---------- AVAILABLE DATA
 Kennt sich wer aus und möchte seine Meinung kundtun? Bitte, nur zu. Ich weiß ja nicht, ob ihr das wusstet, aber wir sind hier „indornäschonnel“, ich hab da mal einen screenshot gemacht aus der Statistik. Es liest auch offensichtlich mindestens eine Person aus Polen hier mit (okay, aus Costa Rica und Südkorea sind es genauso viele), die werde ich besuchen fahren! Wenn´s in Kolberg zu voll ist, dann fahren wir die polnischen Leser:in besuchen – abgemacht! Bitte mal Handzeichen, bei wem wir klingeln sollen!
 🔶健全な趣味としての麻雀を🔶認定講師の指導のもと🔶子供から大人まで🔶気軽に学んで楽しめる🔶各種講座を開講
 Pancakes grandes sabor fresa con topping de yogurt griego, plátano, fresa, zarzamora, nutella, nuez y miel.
--------------------
---------- AVAILABLE DATA
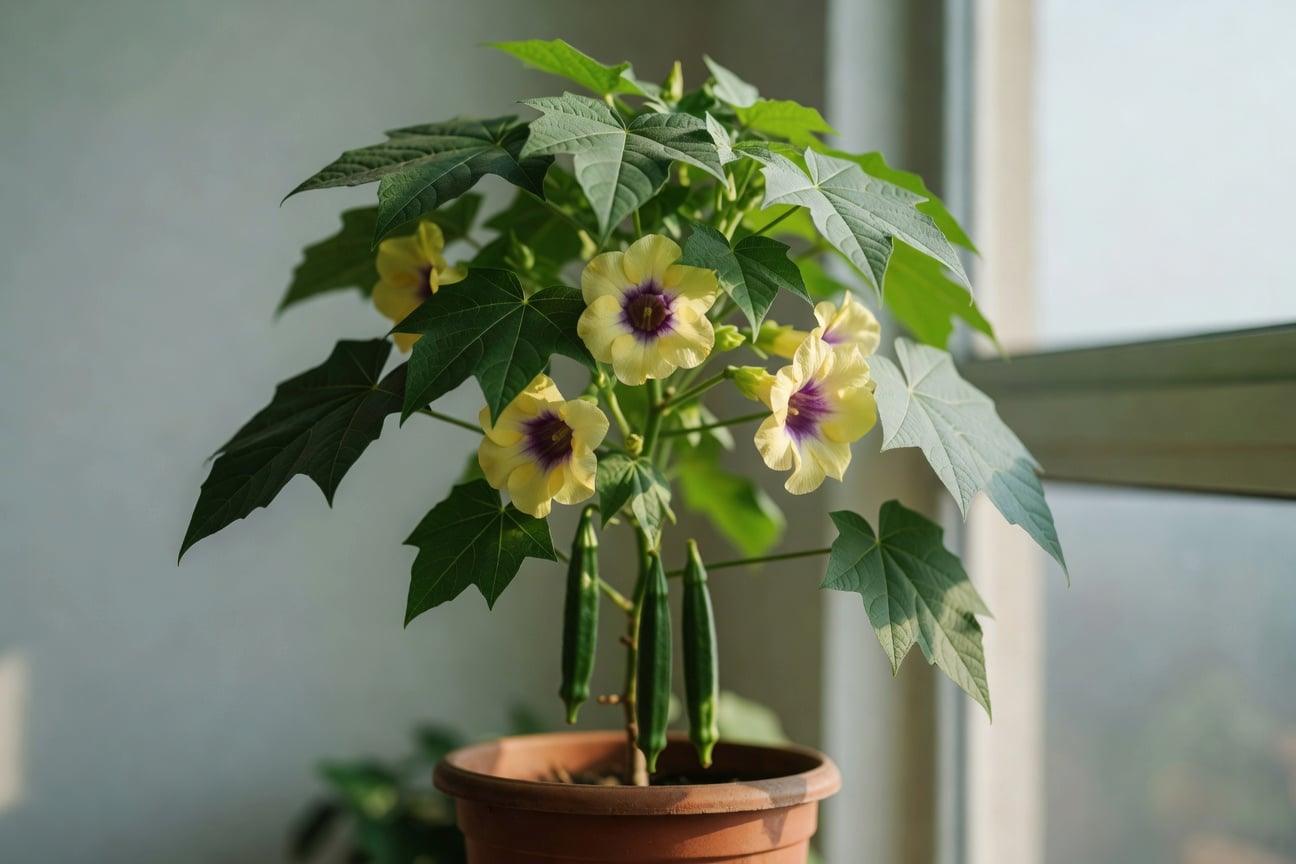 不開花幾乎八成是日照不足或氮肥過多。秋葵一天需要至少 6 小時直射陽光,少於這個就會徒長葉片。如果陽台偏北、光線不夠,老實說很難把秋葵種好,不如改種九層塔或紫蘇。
--------------------
## YOUR GOAL
Retype only the lines above between the line with "Kennt sich wer" and the line with "Pancakes grandes sabor", counting those two lines as well, and keep every character as it is.

## TASK SOLUTION
 Kennt sich wer aus und möchte seine Meinung kundtun? Bitte, nur zu. Ich weiß ja nicht, ob ihr das wusstet, aber wir sind hier „indornäschonnel“, ich hab da mal einen screenshot gemacht aus der Statistik. Es liest auch offensichtlich mindestens eine Person aus Polen hier mit (okay, aus Costa Rica und Südkorea sind es genauso viele), die werde ich besuchen fahren! Wenn´s in Kolberg zu voll ist, dann fahren wir die polnischen Leser:in besuchen – abgemacht! Bitte mal Handzeichen, bei wem wir klingeln sollen!
 🔶健全な趣味としての麻雀を🔶認定講師の指導のもと🔶子供から大人まで🔶気軽に学んで楽しめる🔶各種講座を開講
 Pancakes grandes sabor fresa con topping de yogurt griego, plátano, fresa, zarzamora, nutella, nuez y miel.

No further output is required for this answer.